Please Don’t Fix Me. I’m Not Broken!
Lorelie Rozzano is a guest blogger for Addiction Campuses.
We’ve all had those days. You know the ones. When our emotions feel, well, bigger. We might chalk it up to being run down or exhausted. Then trudge through our day hoping to avoid everyone, in it. Have you ever pasted on the ‘I’m fine,’ smile? It feels so wrong, and yet, aren’t we trained to do it? Cheery chit chat, when you’re feeling anything but, is just weird.
There’s a time and a place for everything, but when you’re a recovering addict, stuffing your feelings is dangerous!
Why is it, when I’m not okay, I feel, like I should be? Where did I get this message? We’re not robots. Intellectually, I know it’s perfectly normal to not be okay and yet, my mind still messes with me.
These are the days I tend to be more, inward. Maybe it’s the inner dialogue running in endless, noisy loops that’s really the problem. It goes something like this: Your hair is ugly. Those pants look awful on you. You don’t have time to make your bed. Why is everything so hard? Man I’m tired. Am I walking under water? I don’t want to go to work today. Did I sleep last night?
Uncomfortable emotions are part of our makeup. I know this. I even accept it, on good days. I’ve learned that by avoiding feelings, I get into big trouble. Still, on those rough days, I am so tempted to paste on that smile. It’s almost, second nature.
Thankfully, I have a few good people in my life that I can talk to. I mean really talk, too.
The kind of talk that goes something like this – I’m having a rough day. My brain won’t shut up and I feel like shit.
You have to be careful who you disclose this to. There are two types of responses, you might get back. First is the awkward silence, which leaves you and them, feeling embarrassed. Second, and this one drives me nuts, is when the person I’m talking with tries to fix me. As if me, having a human experience, is somehow strange or shameful. We’re told to cheer up, or practice gratitude. Why? Why should anyone force themselves to feel something, they don’t? Is that even possible?
Let’s face it. Watching someone struggle emotionally, is uncomfortable.
When you encourage someone to feel better, the message you’re sending, is this – the feelings you’re having aren’t good. Pick better ones. Ones that can make us both feel good.

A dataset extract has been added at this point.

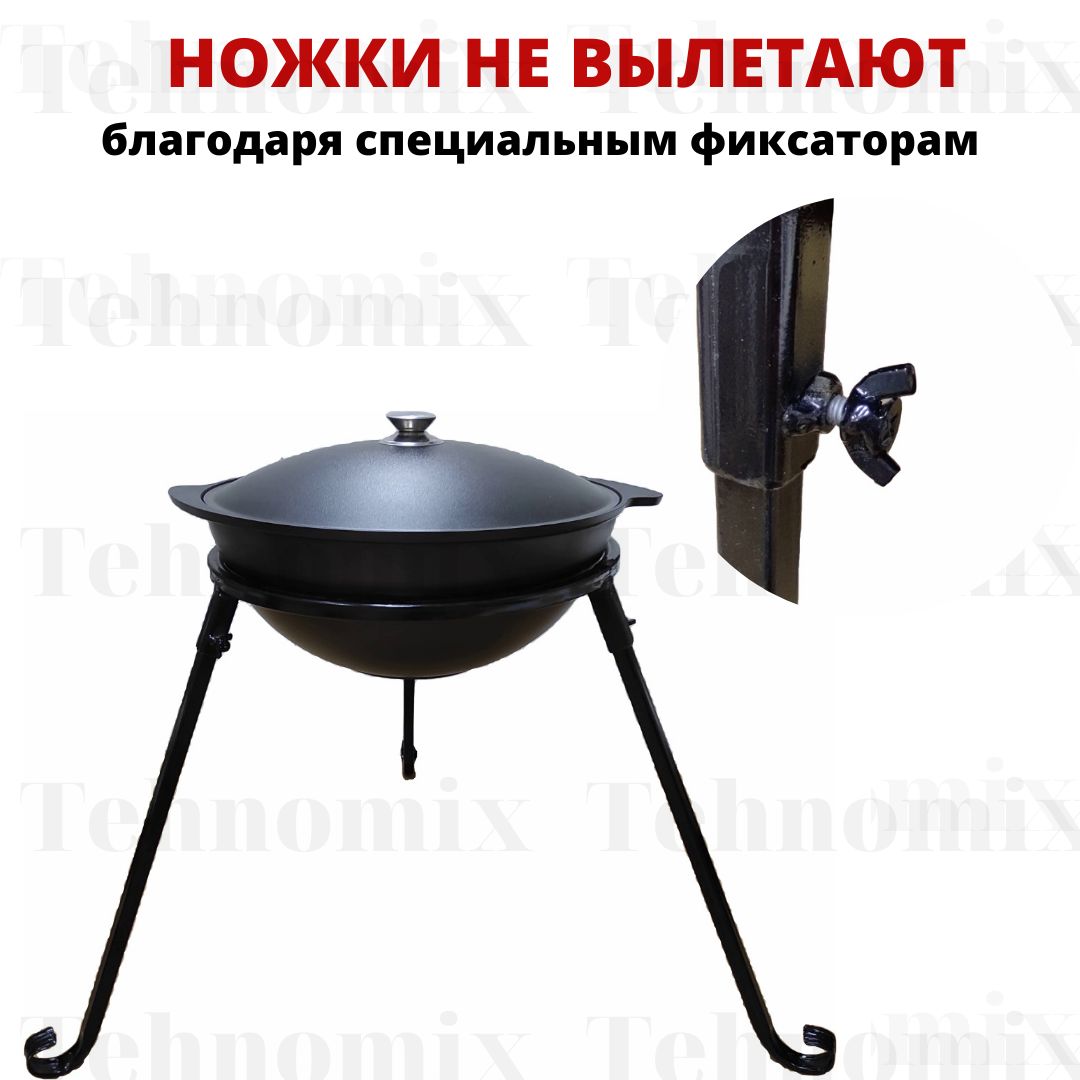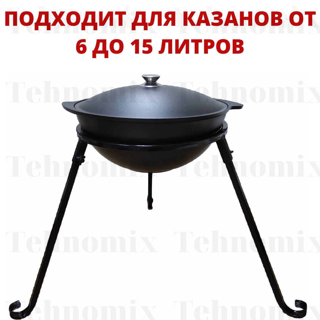 Подставка для казана предназначена для чугунных и алюминиевых казанов. Подставка на 35 см подходит для посуды от 6 до 15 литров. Внутренний диаметр кольца - 35 см, внешний -38 см. Благодаря разборной конструкции и небольшому весу, металлическую подставку под казан удобно брать с собой. Она не займёт много места при транспортировке. Подказанник состоит из основы - кольца и трех съемных ножек.Тренога для костра оснащена специальными фиксаторами, благодаря которым ножки надежно крепятся к кольцу. Треногу для казана в собранном виде можно переносить с места на место и не бояться, что ножки выпадут. Подставка подвергается окрашиванию порошковой краской и запекается при максимально высокой температуре. Поставляется в индивидуальной упаковке.Это отличный подарок любителю активного отдыха на природе, рыбаку, туристу. Такая тренога станет незаменимым атрибутом вашего отдыха на даче или пикнике.

We have hundreds of emotions, but most of us stick to these five.
Not too bad
Strangely enough, these five aren’t feelings, they’re judgements.
When we stop judging the way we feel, we have grown up, emotionally.
Addiction starts as a feelings dis-ease.
Recovering addicts learn early on, how important it is to truthfully, share their feelings. Feelings that aren’t shared or debriefed become actions. These actions can lead to relapse.
I’ve spoken with many addicts who say, “I’m not getting anything out of these meetings.” When asked if they shared, their response was no. Rather than share at the meetings, they stop going. Another scenario is an argument with a family member, or friend. Rather than voice their true feelings, they stuff them and then feel resentful. From there they fall back into old, unhealthy behaviours (isolating, case building and feeling sorry for themselves) and eventually, relapse.
We can only hold our breath for so long, before the fallout happens.
In talking with someone who gets this, someone who is also willing to be real, I learn that my rough day – the brain noise and feeling like shit – are just other words, for shame.
Shame is like taxes. You can pay it down, but it won’t stay gone.
In rehab, I found out I’m shame based.
Shame is different than guilt. Guilt says I made a mistake.
Shame says I am one.
Shame is an emotion and a big fat liar. Emotions are always changing. A rough moment can turn into a bonding experience, when shared with the right person.
Many of us yearn for intimacy. Yet when we’re offered it, we can’t handle it. Intimacy – into me you see, allows us to be vulnerable with one another. It’s a partnership. Not a one way street.
Becoming emotionally fluent is the most difficult task any addict will face, when recovering from addiction. Emotions arrest at the time, using first begins.
You can imagine a forty year old man, who first started using at fourteen. He might look all grown up, but inside, he’s still a scared little kid.
The next time you’re trying to make someone else feel better stop and ask yourself this question. What am I feeling right now? If you’re uncomfortable, chances are you’re not helping the person in front of you. What you’re really doing, is avoiding your emotions.
When you recognize this, it can be a game changer. Instead of trying to fix them, share how difficult it is for you. Now you’re on equal footing. This will bring your relationship to a whole new level.
Recovery is more than just living abstinent free. It’s about healthy relationships. Families can repair much of the damage done, when everyone is willing to communicate on a feelings level.
We all have our answers. Sometimes, we just need someone who will listen, to figure them out.